EDIT: tax straddle rules prevent this (I think).
EDIT: this appears to be strategy 5 here.
(I’m not a tax attorney/accountant and have no imminent plans to try this. Consider this speculative)
TLDR: You can save almost an additional capital gains rate (15-20%) on your charitable donations if you donate appreciated assets or do some silly-looking financial transacting.
One of the side effects of charitable donations, at least in the US, are the tax savings. Donations are deductible from your income tax. This will lower your tax bill by the amount you donated times your marginal rate. (This assumes that you are itemizing and not taking the standard deduction). So if you are in the say 25% tax bracket then you would get 25 cents back for every dollar donated so 25 percent efficiency. This is great but what if you could do better?
One way to do better is to donate highly appreciate capital assets. Donating assets is not only deductible in the same way donating cash is by deducting the worth of the assets donated as if they were cash but also avoids any capital gains tax on the assets. So if you bought a stock at 1 dollar and donated it when it was worth 10 dollars then you could not not only save (25% income tax rate) *$10 =$2.50 but also would save (15%) * $9= $1.35 in capital gains tax as well netting a saving 38.5%.

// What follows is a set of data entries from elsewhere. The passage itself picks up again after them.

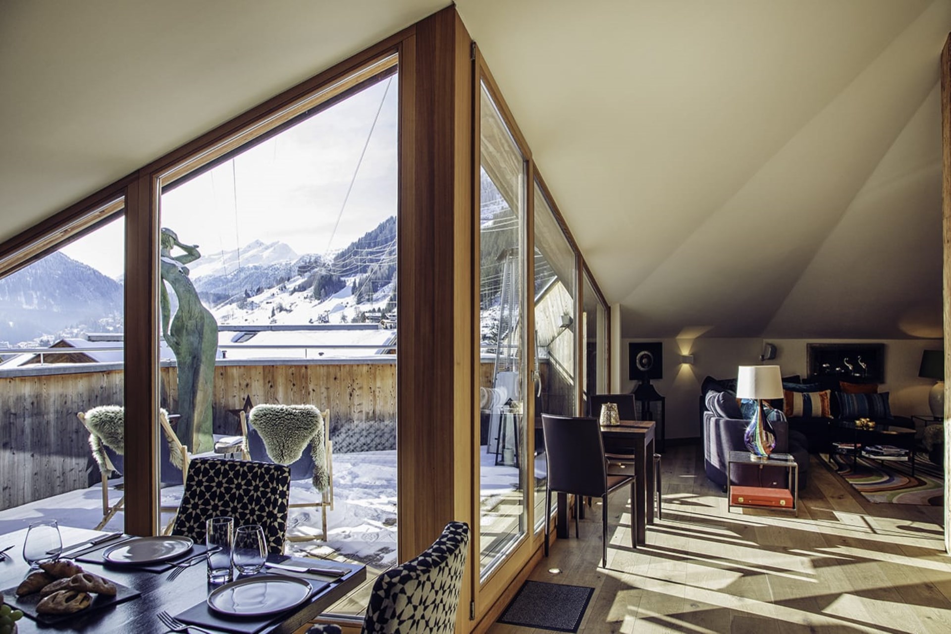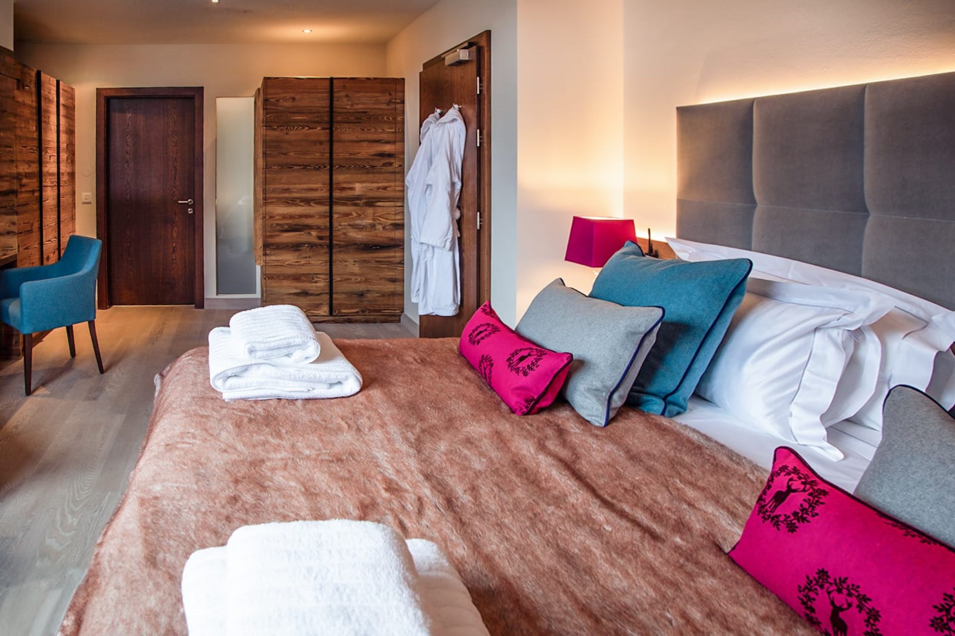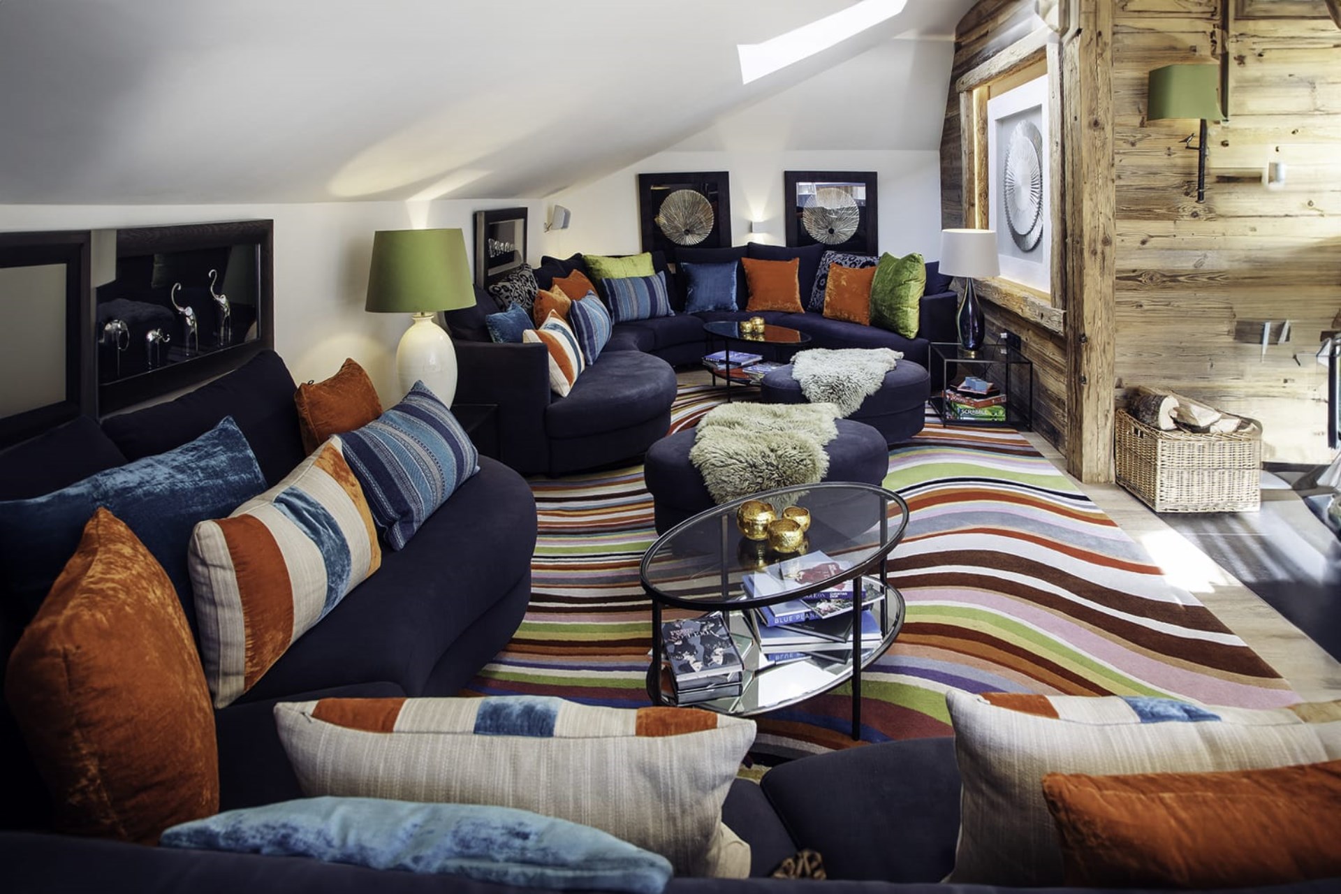 The chalet boasts a stylish interior that seamlessly blends contemporary design with subtle Austrian touches. The top floor is home to a retro-influenced living room, which features plush designer sofas, a crackling fireplace, and brightly coloured soft furnishings, giving the space a relaxed and fun vibe.
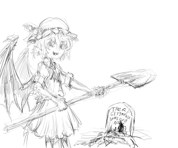 Хз, что делал, хотел попробовать мазками как в паинте, но пытался взять цвета из головы. В ебаном саи даже обрезать нельзя и походу нет истории. Похуй, потом попробую фотожеп опять. Руки хз как рисовать, задолбало короче. Так или иначе под ин флеймс ее рисовать невозвожно но можно фигачить под годсмак https://www.youtube.com/watch?v=gnWz8qorRm0 >>70759 Та хуйня это рисование, тут идея важна. Каракули с идеей > любые скиллы рисования. А планшет, это всегда заебись. Аутист, который несколько лет безуспешно пытался в мышку может это подтвердить. И не могу я в рисование, а смогу, когда лайн будет на уровне Хататера, так-то! >>70760 Это может быть долго и опасно для здоровья, но попробовать можно. Если осторожно. >>70769 >опиши процесс плес Так. Все это в Саи. Вначале был набросок, пик2 a, потом пошел обмаз Brush'ем на слое ниже, b. Потом осознал что это убогое мыло, Brush сильно смазывет, захотел как в пэинте, запилил слой сверхуй и спомощью Ballpoint Pen'а зафигачил детальки, c. Если нужно было что-то исправлять, создавал слой, перемазывал, потом смотрел, подходит или нет. Слушал In Flames, все песни, похуй какого качества. Использовал стандартную кастрированную палитру цветов из паинта. Постоянно сверялся с оригинальным ЗУНоартом. Ходил курить и срать. Вроде все. С Саторей решил фигачить только Ballpoint'том в полтора слоя. Вместо наброска был корявый силует. Потом всё вышло из-под контроля и заебало. Короче, все это неправильно, пойду выпилюсь из инета на недели джве, а то irl жопа подкрадывается.
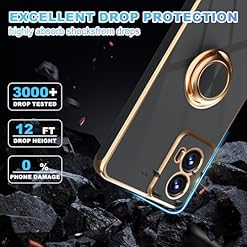👍【Gold Plated Design】The shell bumper and the edges are vacuum-plated with gold colors to make the phone more luxurious, stylish and timeless. The outside has high quality flexible soft TPU, slim and lightweight, not bulky,easy to hold, anti-fingerprint and easy to clean.

Not bad, eh? But what if you don’t have any highly appreciated capital assets? Is there a way you could manufacture highly appreciated capital assets?
If prediction markets contracts were considered to be capital assets (I believe they are not in the US) you could simply find an event to bet on with every outcome having low probability and bet on every outcome. For simplicity there might be 9 candidates for Democratic Presidential nominee and one “other candidate, the highest contract might be valued at 2 dollars for a 10 dollar payout. By buying every contract for a total of $10.50 you have guaranteed that when the market resolves you’ll end up with one contract worth 10 dollars and the rest worth nothing.
Great, you’ve just managed to guarantee a loss of 50 cents, but you’ve also put all that $10.50 into an appreciated asset that you can now donate to charity and avoid the capital gains tax and accrued bunch of capital losses that you can deduct. So for 10.50 you are able to donate 10 dollars to charity deducting (25% income tax rate) * $10 dollars = $2.50 as well as deducting at least (15% capital gains tax rate) * ($10.50-$2.00) = $1.275 meaning that it only effectively cost you $6.725 to donate 10 dollars to charity for a savings of 32.75 percent which is better than the 25 percent savings by just donating cash. In the limit with no trading losses and arbitrarily small assets you can deduct the full income tax rate and capital gains rate (so 40% in our examples).
Are there financial assets in the real work that might work for this? I’m not so sure. Binary range or tunnel options sound like what you’d want but they don’t seem to be structured they way you’d want in that each option includes the others instead of excluding it making this type of strategy impossible. Alternatively, if one was risk neutral with their donations, then one could construct highly appreciated assets by simply invest in a highly risky asset and get the same effect if one was risk averse.
Why have I not heard of this before? It is a pretty unusual situation and requires some odd financial techniques (it allows and allows for arbitrage). Maybe charitable donors don’t usually concoct unusual tax schemes.
EDIT: This appears to be essentially identical to strategy 5 here. A few addenda: it looks like you will need to hold your options for at least one year for them to become long-term capital gains per here. “Property is capital gain property if you would have recognized long-term capital gain had you sold it at fair market value on the date of the contribution.”
EDIT 2: Making highly correlated bets to accumulate losses like this is what tax straddle rules are designed to handle so it is had to do this in a risk free manner.